Problem requirements: Using the data that follows, output only the lines from the line with "Al ser incautado, se" up to and including the line with "中古 ロエベ 三折財布", exactly, leaving pictures aside.

+===+

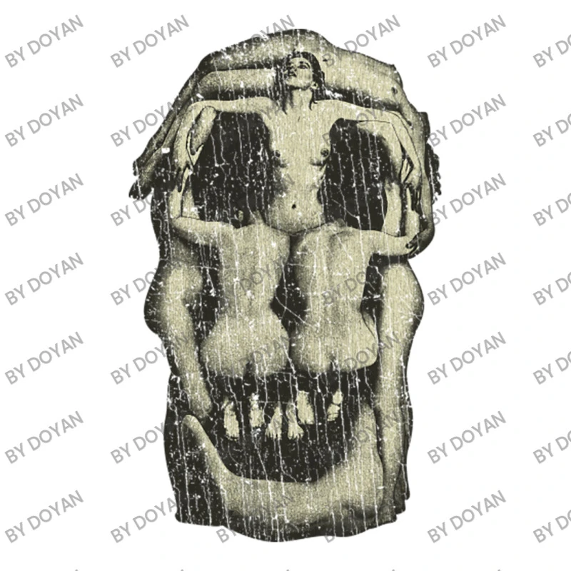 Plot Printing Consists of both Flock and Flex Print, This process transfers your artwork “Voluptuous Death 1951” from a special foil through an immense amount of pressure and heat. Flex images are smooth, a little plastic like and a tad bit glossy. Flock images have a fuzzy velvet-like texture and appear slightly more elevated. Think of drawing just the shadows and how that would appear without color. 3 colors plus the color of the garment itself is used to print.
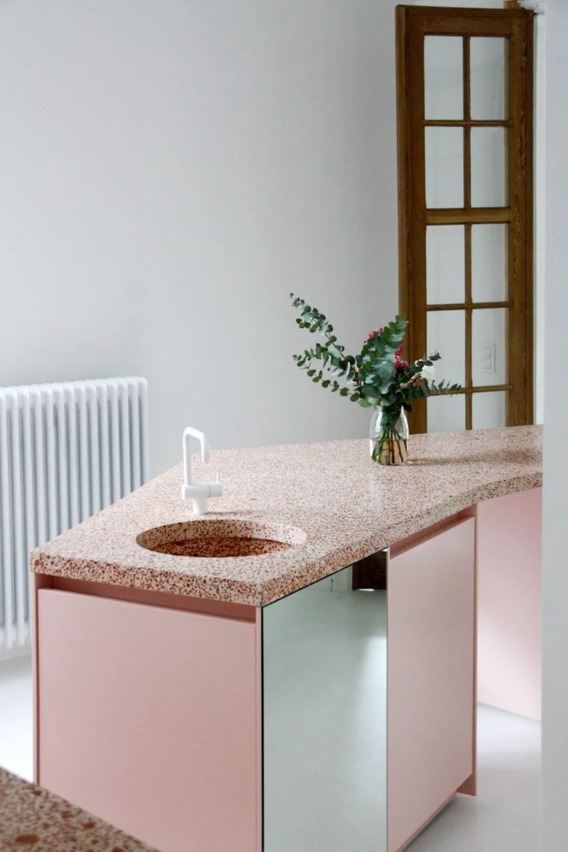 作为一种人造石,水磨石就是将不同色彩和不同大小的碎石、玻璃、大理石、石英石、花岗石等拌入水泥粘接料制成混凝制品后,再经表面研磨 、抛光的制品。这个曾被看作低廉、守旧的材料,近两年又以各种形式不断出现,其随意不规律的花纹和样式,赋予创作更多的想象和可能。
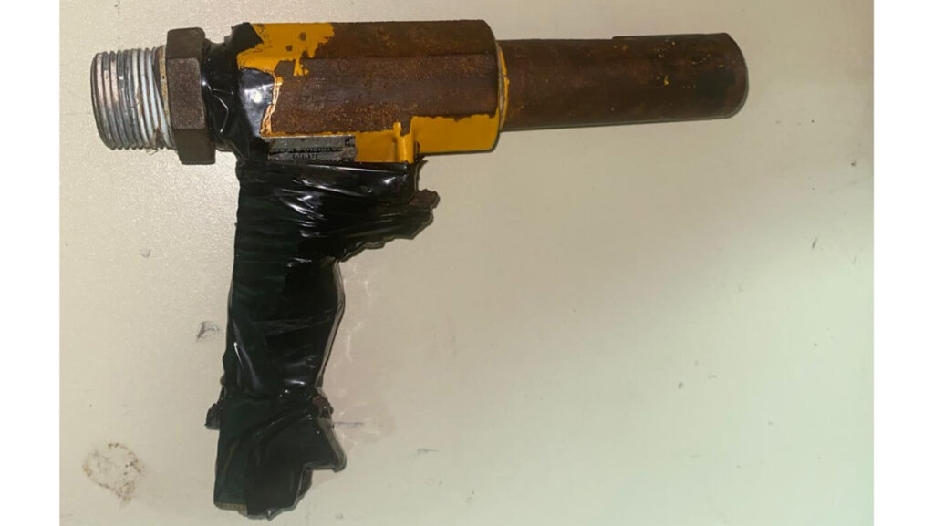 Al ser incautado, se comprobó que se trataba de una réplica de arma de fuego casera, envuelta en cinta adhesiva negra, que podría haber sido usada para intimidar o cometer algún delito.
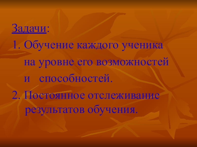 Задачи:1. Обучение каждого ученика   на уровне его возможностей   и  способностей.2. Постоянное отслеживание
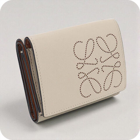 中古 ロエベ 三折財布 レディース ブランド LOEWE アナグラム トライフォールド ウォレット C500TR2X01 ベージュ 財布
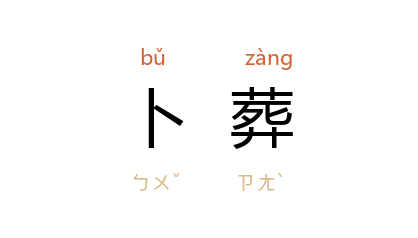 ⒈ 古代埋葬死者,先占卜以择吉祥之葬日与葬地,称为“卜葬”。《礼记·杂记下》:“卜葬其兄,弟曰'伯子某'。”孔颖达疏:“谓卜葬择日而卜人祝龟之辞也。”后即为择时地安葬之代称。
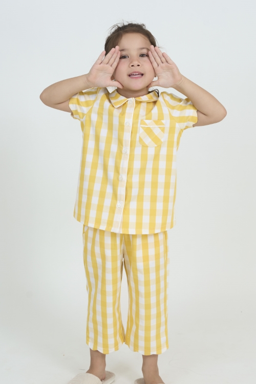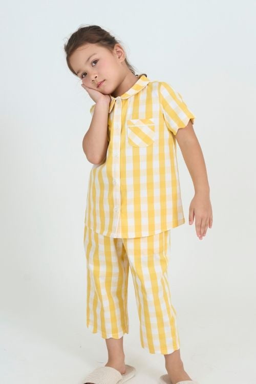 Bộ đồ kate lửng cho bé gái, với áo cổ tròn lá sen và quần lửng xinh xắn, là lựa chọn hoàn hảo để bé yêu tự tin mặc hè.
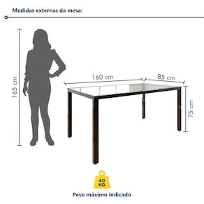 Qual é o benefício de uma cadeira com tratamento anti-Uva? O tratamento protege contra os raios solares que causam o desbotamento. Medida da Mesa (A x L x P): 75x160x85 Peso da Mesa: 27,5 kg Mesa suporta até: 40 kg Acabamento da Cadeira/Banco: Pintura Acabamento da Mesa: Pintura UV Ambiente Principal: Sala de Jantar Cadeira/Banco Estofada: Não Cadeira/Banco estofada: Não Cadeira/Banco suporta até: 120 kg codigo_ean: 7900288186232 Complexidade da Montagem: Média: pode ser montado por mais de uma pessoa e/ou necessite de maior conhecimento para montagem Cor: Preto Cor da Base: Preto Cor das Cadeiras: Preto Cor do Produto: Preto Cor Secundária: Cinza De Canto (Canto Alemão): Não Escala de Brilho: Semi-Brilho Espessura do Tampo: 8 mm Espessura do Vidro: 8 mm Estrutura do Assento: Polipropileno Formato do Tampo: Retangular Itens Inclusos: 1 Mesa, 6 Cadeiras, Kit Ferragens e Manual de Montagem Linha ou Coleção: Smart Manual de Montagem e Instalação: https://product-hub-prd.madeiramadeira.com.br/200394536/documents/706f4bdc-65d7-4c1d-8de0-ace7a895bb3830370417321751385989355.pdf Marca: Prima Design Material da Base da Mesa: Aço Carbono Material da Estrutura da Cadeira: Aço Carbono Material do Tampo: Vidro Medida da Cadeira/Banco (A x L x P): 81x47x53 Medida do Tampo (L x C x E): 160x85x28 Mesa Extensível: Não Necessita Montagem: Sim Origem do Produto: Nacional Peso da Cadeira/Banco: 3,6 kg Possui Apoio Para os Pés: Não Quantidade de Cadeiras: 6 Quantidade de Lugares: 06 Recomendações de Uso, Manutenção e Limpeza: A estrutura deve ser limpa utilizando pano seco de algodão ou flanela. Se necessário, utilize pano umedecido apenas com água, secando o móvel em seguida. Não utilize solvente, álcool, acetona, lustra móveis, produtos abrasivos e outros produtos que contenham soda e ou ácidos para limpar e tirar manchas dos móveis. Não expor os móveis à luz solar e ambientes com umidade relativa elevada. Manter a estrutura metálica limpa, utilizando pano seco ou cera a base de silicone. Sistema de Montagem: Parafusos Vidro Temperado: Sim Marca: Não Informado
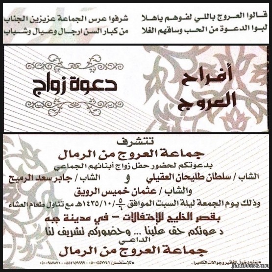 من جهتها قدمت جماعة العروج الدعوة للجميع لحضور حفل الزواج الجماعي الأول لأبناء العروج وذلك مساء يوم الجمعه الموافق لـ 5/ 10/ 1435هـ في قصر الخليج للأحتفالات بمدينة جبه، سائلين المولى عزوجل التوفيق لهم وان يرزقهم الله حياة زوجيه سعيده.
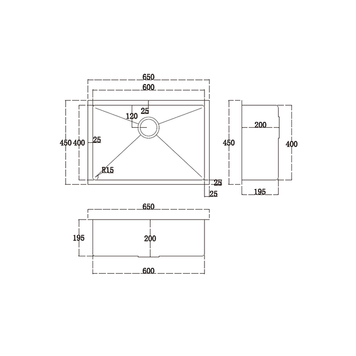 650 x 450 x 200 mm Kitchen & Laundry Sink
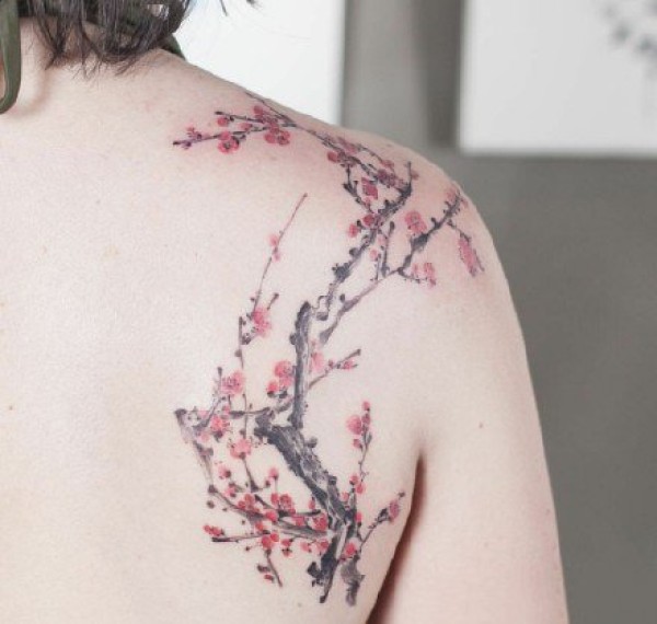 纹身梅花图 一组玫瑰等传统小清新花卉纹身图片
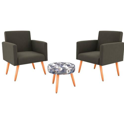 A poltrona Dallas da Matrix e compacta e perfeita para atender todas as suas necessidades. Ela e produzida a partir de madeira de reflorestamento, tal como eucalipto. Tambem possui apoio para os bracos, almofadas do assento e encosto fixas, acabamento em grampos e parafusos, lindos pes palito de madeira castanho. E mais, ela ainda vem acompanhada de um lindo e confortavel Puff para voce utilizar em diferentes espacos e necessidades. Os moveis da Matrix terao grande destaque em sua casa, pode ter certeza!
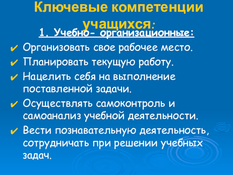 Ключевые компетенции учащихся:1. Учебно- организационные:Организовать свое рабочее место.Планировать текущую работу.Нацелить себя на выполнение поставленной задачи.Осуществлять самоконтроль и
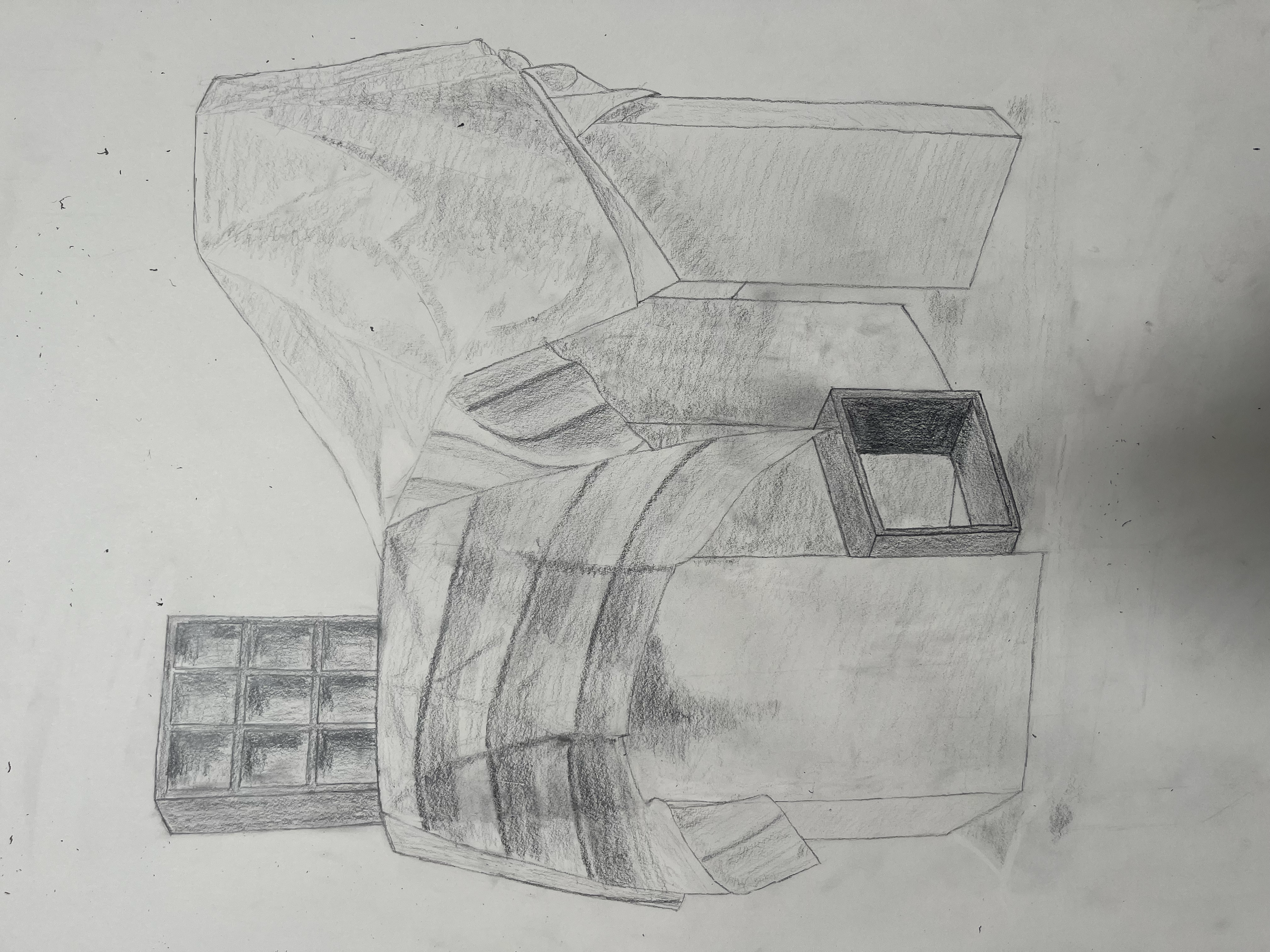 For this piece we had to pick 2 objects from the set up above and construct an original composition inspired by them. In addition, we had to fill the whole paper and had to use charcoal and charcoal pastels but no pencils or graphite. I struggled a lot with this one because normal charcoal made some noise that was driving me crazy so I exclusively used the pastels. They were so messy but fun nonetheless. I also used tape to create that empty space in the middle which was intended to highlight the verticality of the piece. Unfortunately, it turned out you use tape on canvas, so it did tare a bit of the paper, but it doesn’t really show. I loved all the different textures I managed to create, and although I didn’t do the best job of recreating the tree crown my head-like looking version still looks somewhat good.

+===+

Completed task:
 Al ser incautado, se comprobó que se trataba de una réplica de arma de fuego casera, envuelta en cinta adhesiva negra, que podría haber sido usada para intimidar o cometer algún delito.
 Задачи:1. Обучение каждого ученика   на уровне его возможностей   и  способностей.2. Постоянное отслеживание
 中古 ロエベ 三折財布 レディース ブランド LOEWE アナグラム トライフォールド ウォレット C500TR2X01 ベージュ 財布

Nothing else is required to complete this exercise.